The CSI Saddle Pad is actually a two piece pad. The bottom piece is a traditional felt pad, available in 1/2 inch or 3/4 inch thickness and a top piece that is automotive carpet sandwiched around the flex plate. There is a thin line of velcro sewn into the bottom spine of the top pad (flex plate) so that it can mate with the bottom felt pad and not slip. The photo at right shows the two layers and you can see that the bottom felt pad is relieved to reduce bulk for the front cinch.

Both pieces have air holes that line up and are designed to let heat escape the horses back.    The photo at left shows the air holes in the spine of the pad.  The bottom felt pad is reversible as well, extending the using life of this pad.  And as you can see from the two top photos, the CSI pad is formed for the withers.  It fit nicely on the three horses with varying wither heights that I tried it on.  I don't think anyone would be disappointed with a CSI Saddle Pad.

CSI hosts a series of videos    on saddle fit, horse balance, back and health issues. In the video below, Rhonda Martin discusses how saddle fit affects the function of the horse.

Saturday, July 5, 2014

Saddle/Tack Tip - Saving your Blevins Buckle Keeper

Have you ever seen a Blevins Buckle come undone when someone is riding? It's usually caused by the blevins buckle keeper coming off or riding up allowing the blevins buckle to pop out of the holes in the stirrup leather. When this happens, it's possible for the rider to have enough weight in the that stirrup to cause him or her to lose their balance and come off, particular when riding to the inside.

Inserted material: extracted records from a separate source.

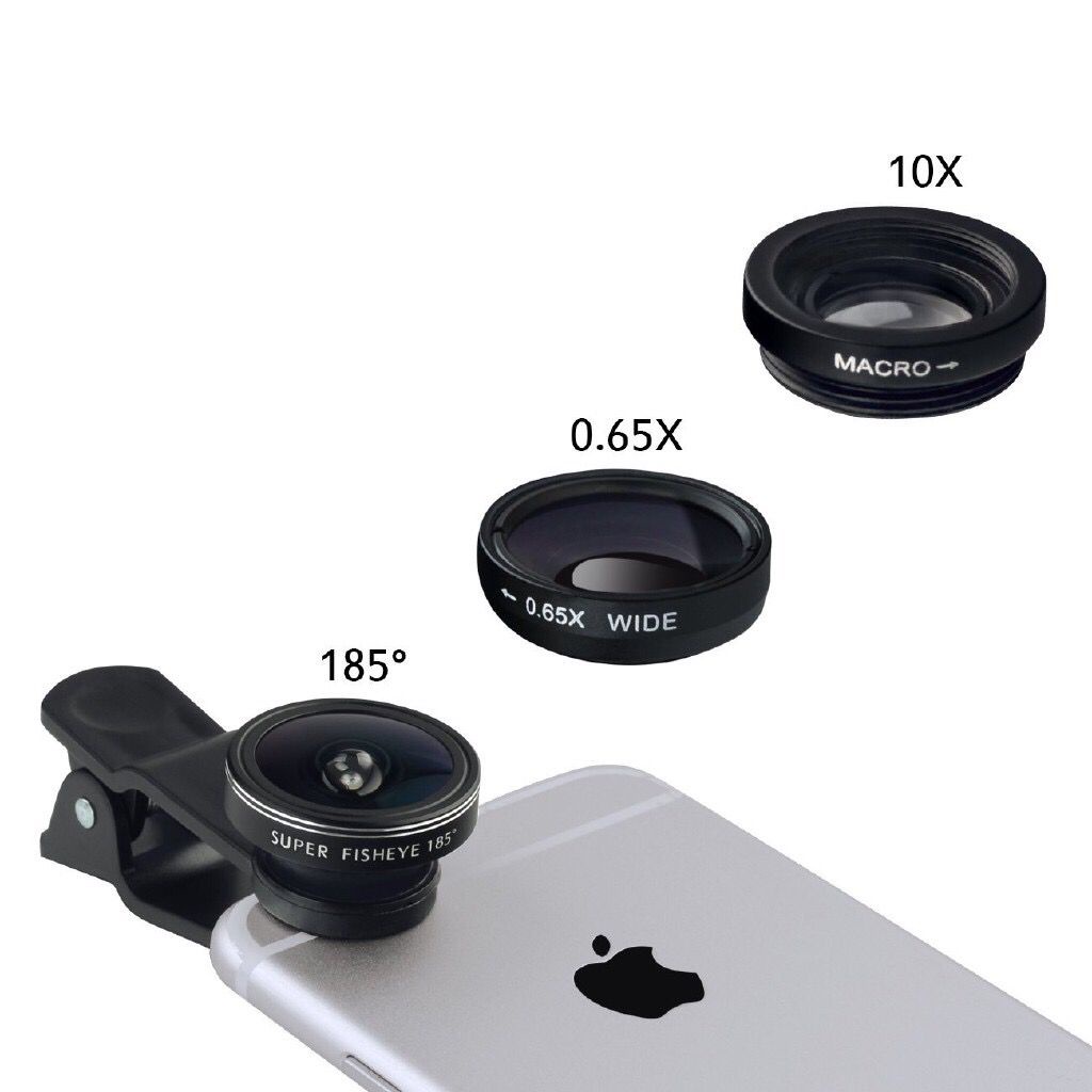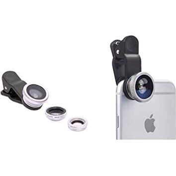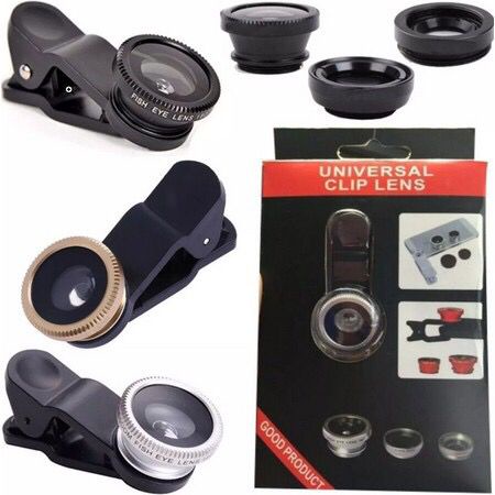 Kit 3 em 1 Lentes Fish Eye Macro Wide Celular Smartphone Celular - Universal Clip Lens
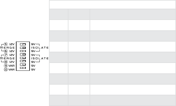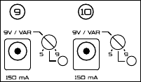 Outputs 9 & 10: 2 x 9V/5-9V 150mA
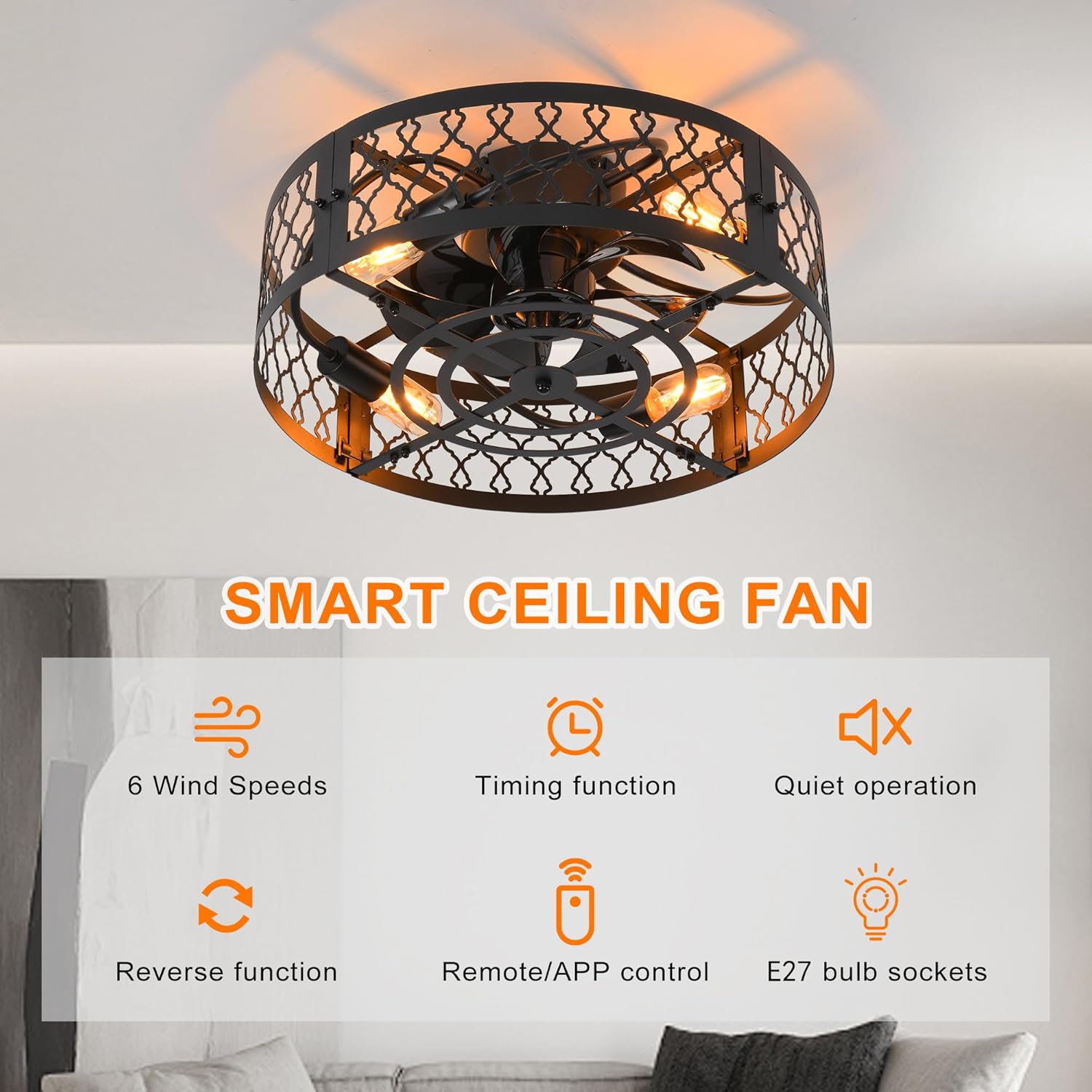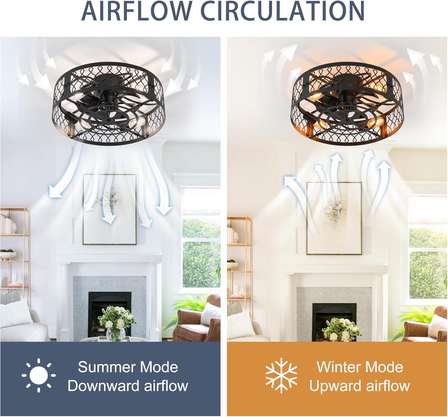 - [ Grande circulation d’air ] – 6 réglages de vitesse pour adapter le flux d’air à vos préférences. Le ventilateur fonctionne silencieusement et efficacement, qu’il s’agisse d’une brise douce pour l’ambiance ou d’une forte rafale pour se rafraîchir. En hiver, changez la direction du ventilateur afin que l’air chaud recueilli près du plafond soit uniformément réparti et augmentez votre confort.
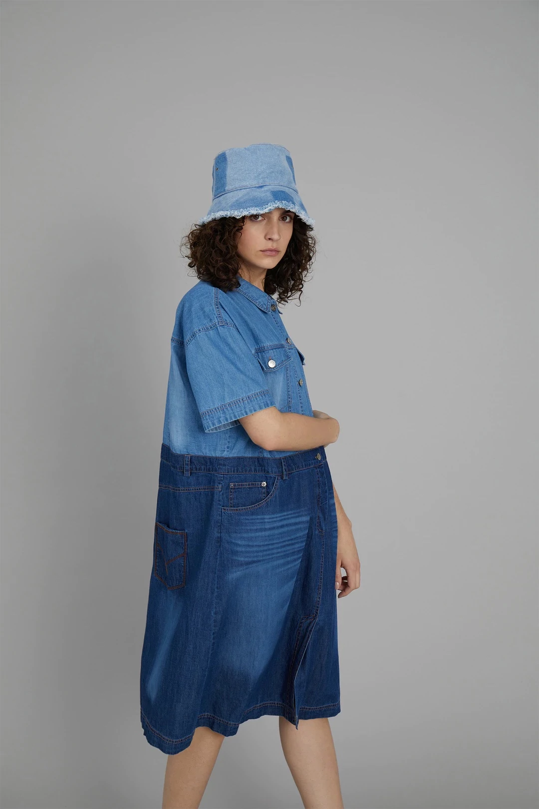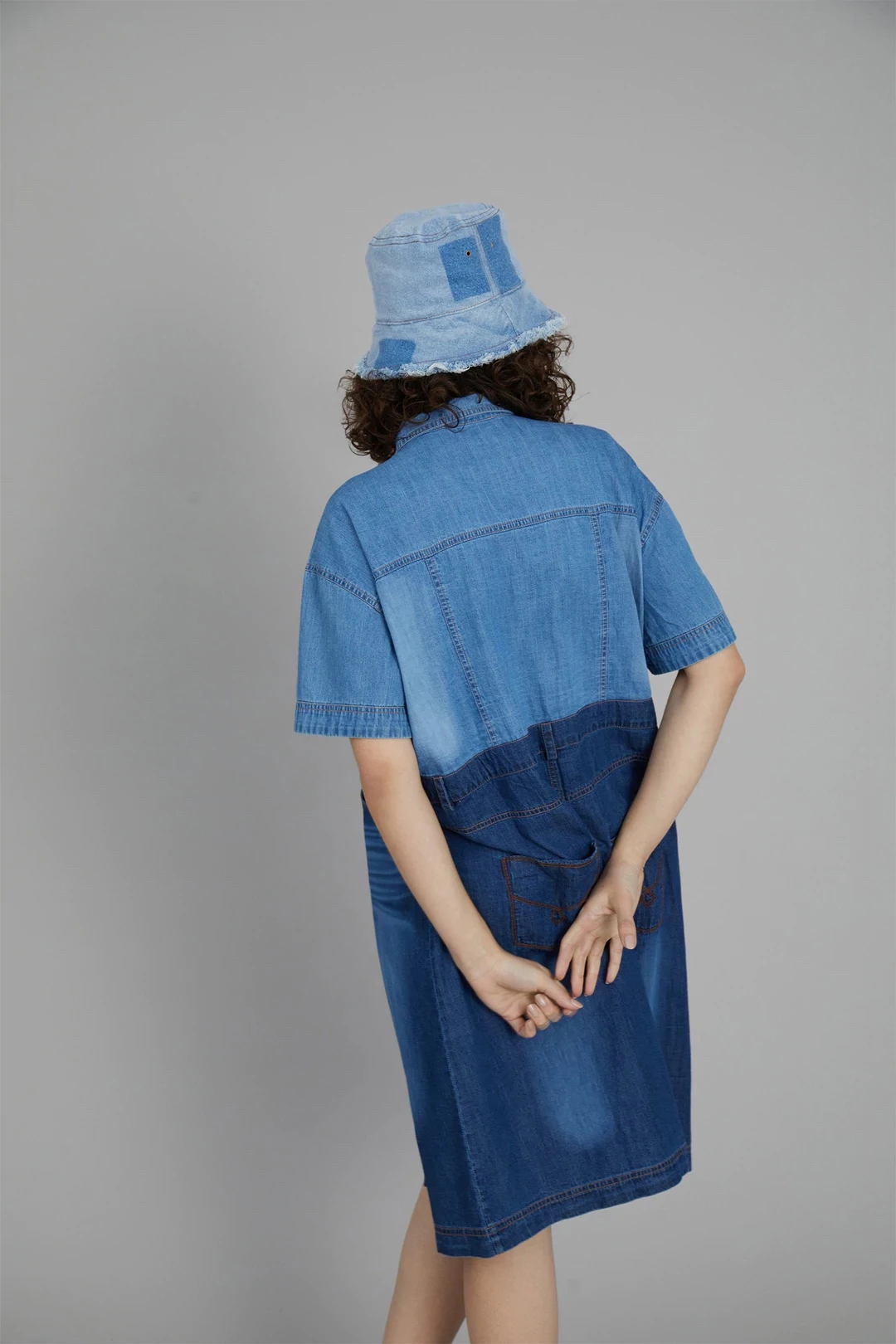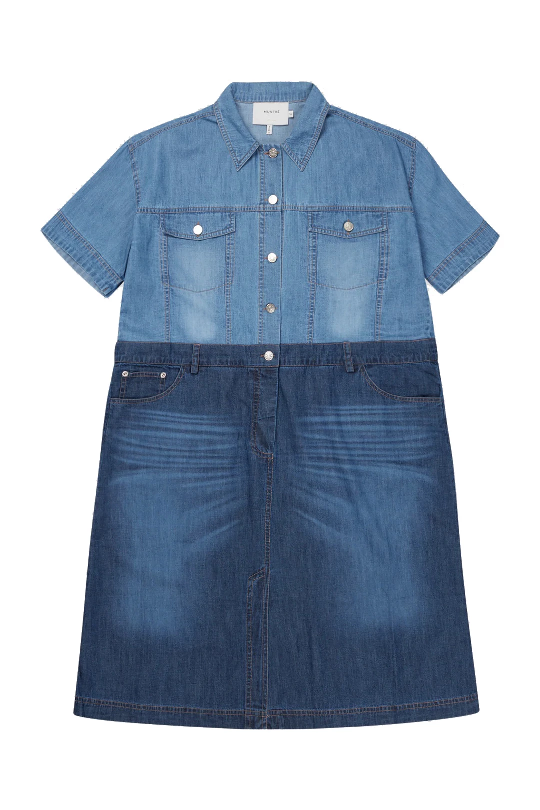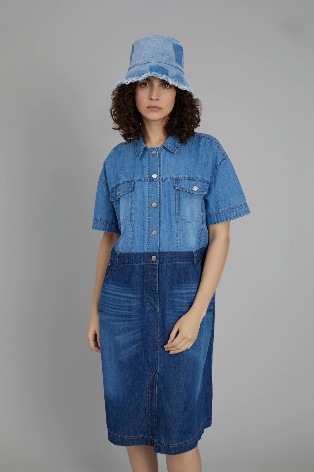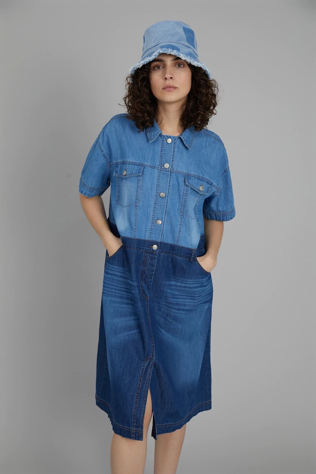 Knee-long, denim dress in two different shades. The dress has short sleeves, a regular shirt collar, button closure at the front, a slit at the bottom and pockets at the chest, front and back. Regular fit. Available in blue.

Sometimes it can even be funny. Years ago I was working with my daughter and her friend running barrels and my daughter's friend's father, who was one of those guys who thought he could bend a horse (not to mention people) to his will, butted in because he didn't like his daughter uses both hands (direct reining) when riding - he was calling it "plough reining".    Anyway, he took over his daughter's horse to demonstrate what he wanted and as karma would have it, he went around a barrel, and lacking a stirrup hobble, the Blevins Buckle came undone, his stirrup fell off and so did he. He got mad and went away,.....I'm just glad he went away...the horse was glad too.

Most people ride with Stirrup hobbles on their saddles, not only to keep the stirrup leathers together, but to keep the Blevins Buckle keeper from sliding off the stirrup leather. On a couple of saddle's I not only use a stirrups bobble but I use a slotted concho and length of saddle string to create a button on the bottom of the stirrup leather to catch a loose Blevins Buckle keeper as a backup to the stirrup hobble. You can run the piece of saddle string through two of the holes intended for the blevins buckle, or you can punch a new hole new to an existing hole for the saddle string to be run through the slotted concho. The photo at right shows the blevins buckle keeper and the slotted concho I rigged at the bottom of the stirrup leather.

The photo below shows how this appears when the stirrup is turned when your foot is in it.  It does not interfere with my boot going in or coming out of the stirrup

I was in a Jackpot the other weekend when one of my partners lost her Blevins Buckle keeper. She did not have any stirrup hobbles, so when she eventually found it and got her saddle all sorted out, we ran a short piece of saddle string through a couple of the holes below the Blevins Buckle to catch the Keeper if it came loose again.  Always handy to keep an extra piece or two of leather strings around. 

Some of us short legged riders will also have the issue of too long of stirrup leathers producing a length of leather hanging down. Not necessarily a good idea to cut these off as it restricts lengthening the stirrups for longer legged riders.

Usually the excess length is wrapped around and kept in place with the stirrup hobble, but sometimes it's not long enough do that. On one of my saddles the excess stirrup leather was too short to wrap around so I punched three holes in the bottom of the excess stirrup leather and tied it into the stirrup hobble. The photo below shows how that is rigged and how that looks. Hope this helps someone out there that may have this similar problem.